* Source data *
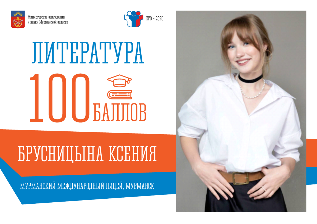 14 июля 2025 г.Ксения Брусницына окончила Мурманский международный лицей. Серьезно занималась гуманитарными предметами, и результат единого государственного экзамена по литературе тому подтверждение - 100 баллов. Девушка активно ...
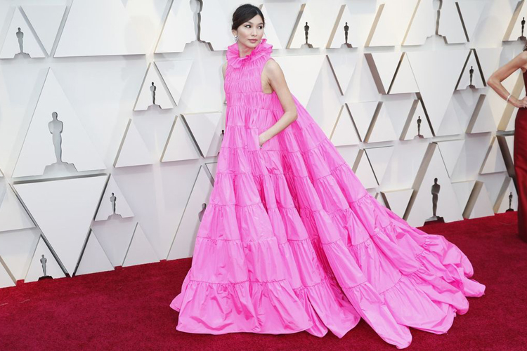 Crazy Rich Asians star Gemma Chan is a true fashion icon on the rise who never disappoints on the red carpet. This high-neck fuchsia taffeta gown with expanding frills from Valentino’s most recent Couture collection might just be her best red carpet look yet.
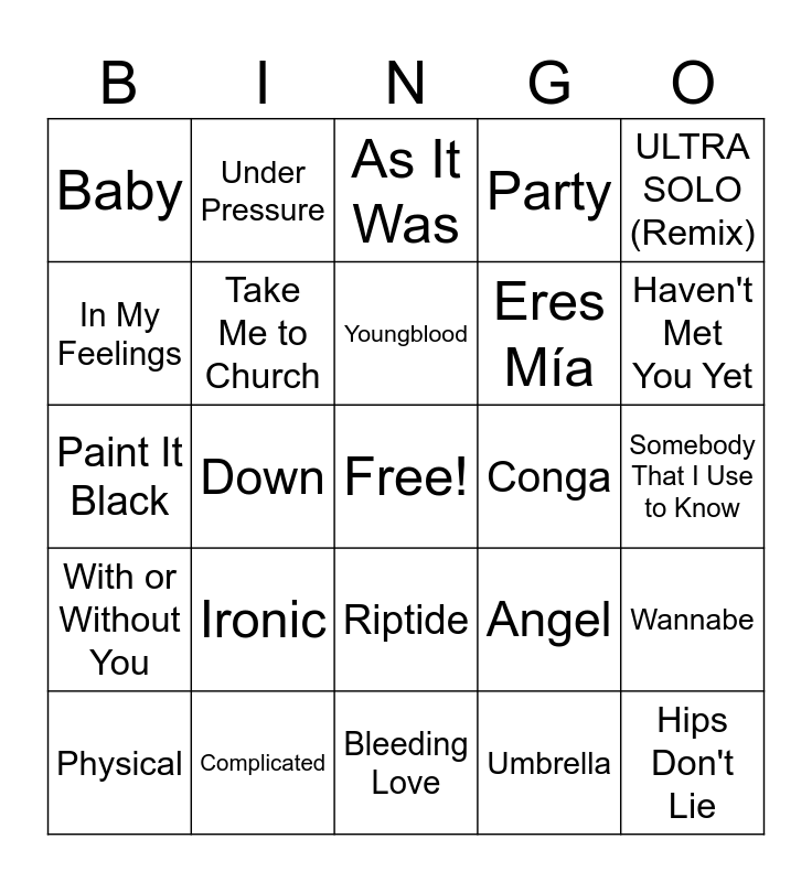 This bingo card has a free space and 24 words: Ironic, Complicated, Youngblood, Physical, ULTRA SOLO (Remix), Baby, In My Feelings, Under Pressure, Conga, Riptide, Eres Mía, Paint It Black, Angel, Wannabe, Take Me to Church, Umbrella, Somebody That I Use to Know, As It Was, Haven't Met You Yet, Down, Hips Don't Lie, With or Without You, Party and Bleeding Love.

* Exercise goal *
Find the line that contains "Crazy Rich Asians" and repeat it, along with every line after it to the end of the data, exactly; drop the pictures.

* Task answer *
 Crazy Rich Asians star Gemma Chan is a true fashion icon on the rise who never disappoints on the red carpet. This high-neck fuchsia taffeta gown with expanding frills from Valentino’s most recent Couture collection might just be her best red carpet look yet.
 This bingo card has a free space and 24 words: Ironic, Complicated, Youngblood, Physical, ULTRA SOLO (Remix), Baby, In My Feelings, Under Pressure, Conga, Riptide, Eres Mía, Paint It Black, Angel, Wannabe, Take Me to Church, Umbrella, Somebody That I Use to Know, As It Was, Haven't Met You Yet, Down, Hips Don't Lie, With or Without You, Party and Bleeding Love.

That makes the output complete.